-- INPUT FOR THIS TASK --
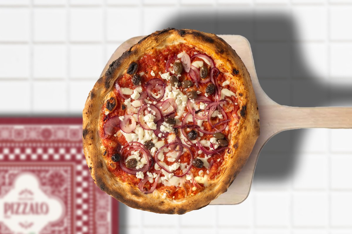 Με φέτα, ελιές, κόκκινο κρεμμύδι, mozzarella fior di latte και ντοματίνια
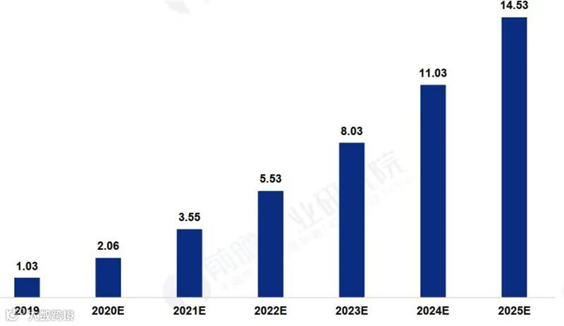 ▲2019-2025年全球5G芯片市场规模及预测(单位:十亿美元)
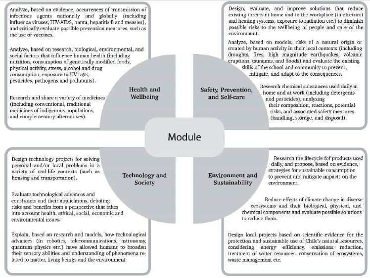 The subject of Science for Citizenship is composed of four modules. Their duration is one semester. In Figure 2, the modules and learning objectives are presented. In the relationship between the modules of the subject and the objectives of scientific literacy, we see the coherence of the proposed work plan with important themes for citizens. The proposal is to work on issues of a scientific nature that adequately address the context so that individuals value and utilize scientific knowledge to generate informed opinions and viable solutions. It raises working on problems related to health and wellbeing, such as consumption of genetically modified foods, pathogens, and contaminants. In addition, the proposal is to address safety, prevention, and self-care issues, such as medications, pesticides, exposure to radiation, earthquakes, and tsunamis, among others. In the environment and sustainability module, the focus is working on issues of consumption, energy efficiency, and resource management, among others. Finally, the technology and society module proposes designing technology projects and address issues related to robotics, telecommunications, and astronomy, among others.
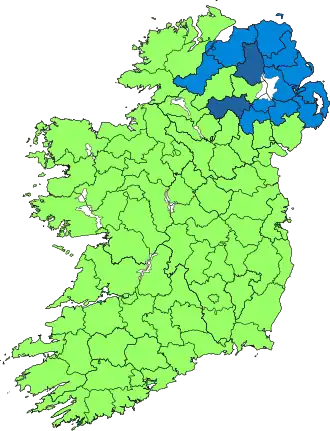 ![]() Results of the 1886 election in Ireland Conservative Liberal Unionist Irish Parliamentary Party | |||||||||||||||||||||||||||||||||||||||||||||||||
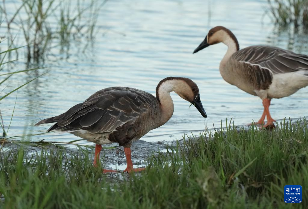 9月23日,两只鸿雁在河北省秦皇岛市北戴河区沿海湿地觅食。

-- WORK ORDER --
An exact copy of the lines from the one with "Party | |||||||||||||||||||||||||||||||||||||||||||||||||" through the end of the records: produce that and nothing more, leaving out the pictures.

-- RESPONSE TO THIS EXERCISE --
 ![]() Results of the 1886 election in Ireland Conservative Liberal Unionist Irish Parliamentary Party | |||||||||||||||||||||||||||||||||||||||||||||||||
 9月23日,两只鸿雁在河北省秦皇岛市北戴河区沿海湿地觅食。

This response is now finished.